Deux évolutions sont particulièrement mises en avant. La première est la capacité à effectuer l’effeuillage de nuit. Une telle possibilité peut étendre les plages d’utilisation de la flotte et rendre le robot moins dépendant des heures de présence des équipes. La seconde est le changement de rang autonome. Cette fonction vise à éviter qu’un opérateur ait à déplacer manuellement la machine entre deux lignes de culture.

Ces améliorations ne sont pas de simples options de confort. Dans un environnement de production, les temps d’arrêt, les déplacements et les interventions humaines nécessaires autour d’un robot comptent autant que son geste de coupe. Une machine capable d’enchaîner davantage d’opérations de manière autonome peut mieux s’intégrer dans l’organisation d’une serre.

Un créneau distinct de la récolte robotisée

La robotique agricole attire souvent l’attention lorsqu’elle promet de récolter des fruits ou des légumes. C’est une tâche spectaculaire, mais aussi particulièrement complexe : il faut identifier le bon produit, apprécier son état, le saisir sans l’abîmer et le déposer au bon endroit. Aisprid a choisi un terrain différent en se spécialisant dans l’effeuillage des tomates sous serre.

Selon la start-up, les autres acteurs du secteur s’intéressent davantage à la récolte, tandis que le marché des solutions d’effeuillage sous serre reste encore peu exploré. Cette spécialisation lui donne une place identifiable dans la chaîne de production. Elle lui impose aussi de démontrer que sa machine est fiable, suffisamment productive et compatible avec les pratiques des producteurs.

Cette approche par une tâche précise peut faciliter le déploiement de la robotique. Plutôt que de promettre une serre entièrement autonome, l’entreprise propose un outil répondant à un besoin immédiatement identifiable. C’est également une manière de recueillir des retours d’usage concrets avant d’élargir les capacités de la plateforme robotique.

De l’effeuillage à d’autres tâches maraîchères

Les ambitions d’Aisprid ne s’arrêtent pas à l’effeuillage. L’entreprise prévoit de diversifier sa gamme afin de couvrir d’autres besoins d’automatisation dans les exploitations maraîchères. La levée de fonds doit précisément lui donner les moyens de préparer cette extension, tout en continuant d’industrialiser son produit actuel.
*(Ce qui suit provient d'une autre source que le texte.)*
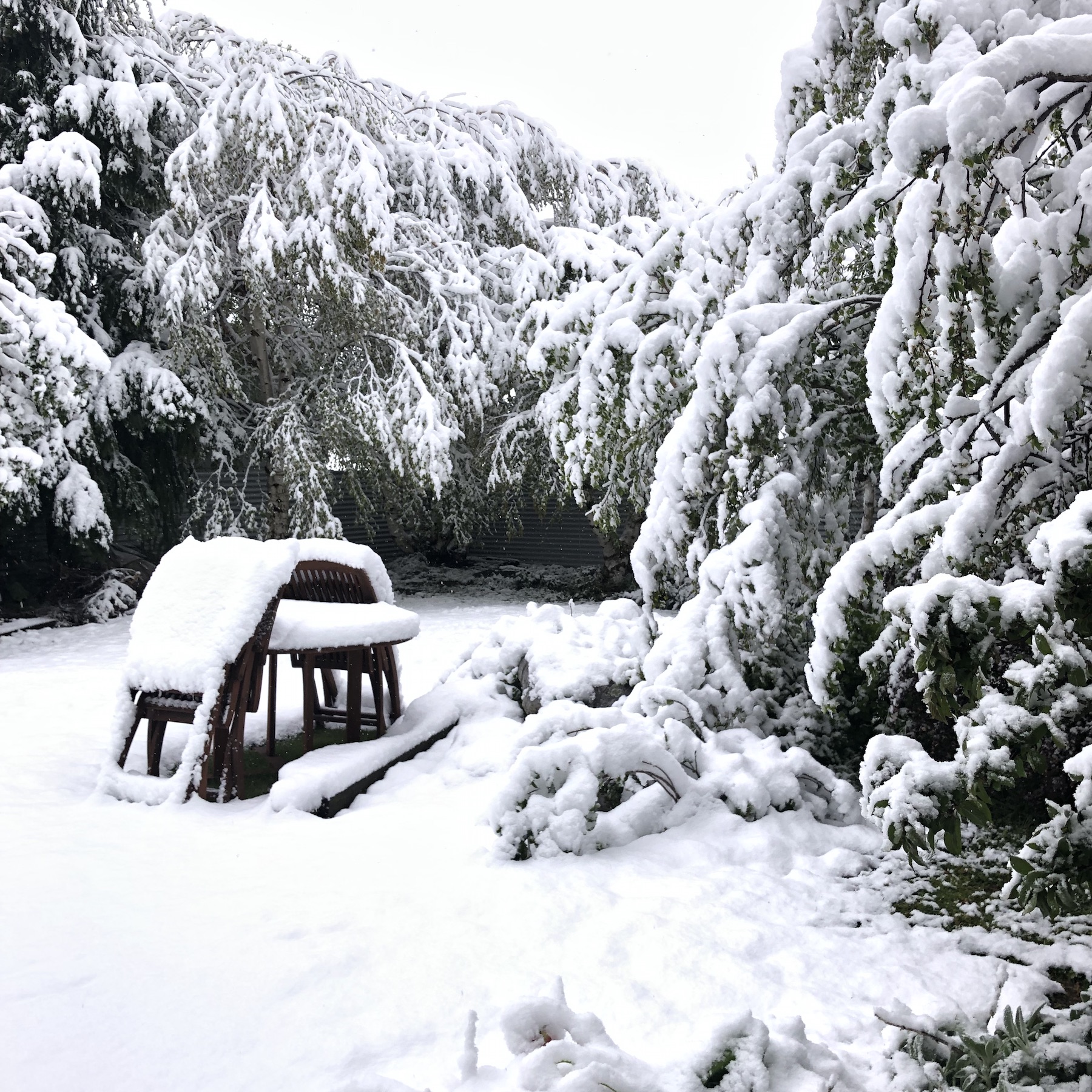Oturehua at 7.30am – Heavy snowfall this morning weighed down trees
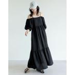 ワンピース ホルターリボン付き パフスリーブ マキシ ギャザー ワンピース
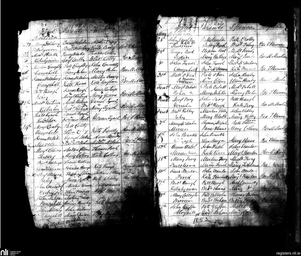 Carrigaholt; County of Clare; Diocese of Killaloe. Baptisms, Apr. 1853 to June 1853
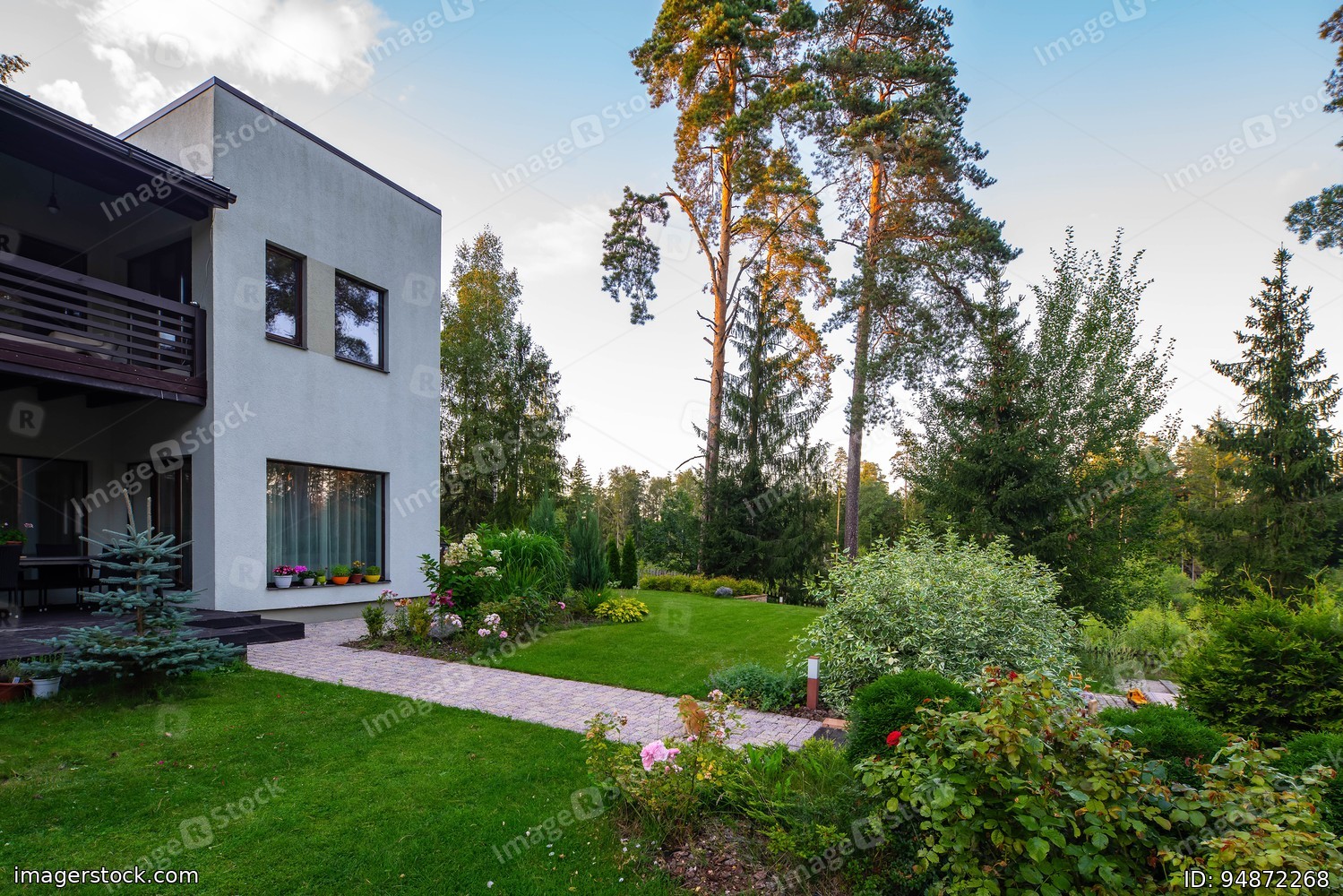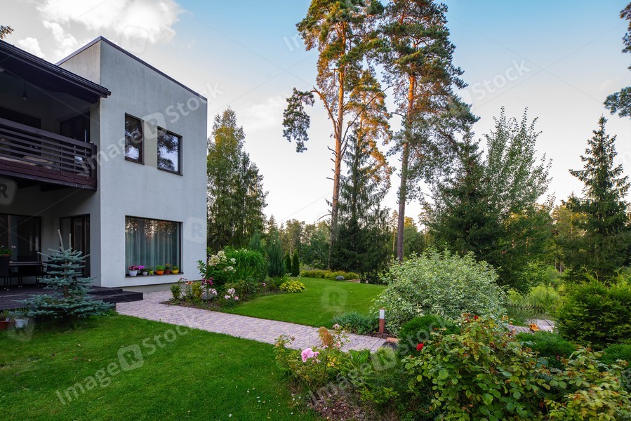 Modern exterior of private cottage near the pine forest. View of beautiful garden with flowers, bushes and trees.

La perspective est cohérente avec la nature même de la robotique sous serre. Une fois qu’un acteur maîtrise le déplacement autonome dans les rangs, la perception par caméra et l’action d’un bras robotisé dans un environnement végétal, ces briques peuvent servir de point de départ à d’autres usages. Chaque nouvelle tâche reste toutefois un problème technique et agronomique à part entière : elle demande des outils adaptés, des données de terrain et des essais au contact des cultures.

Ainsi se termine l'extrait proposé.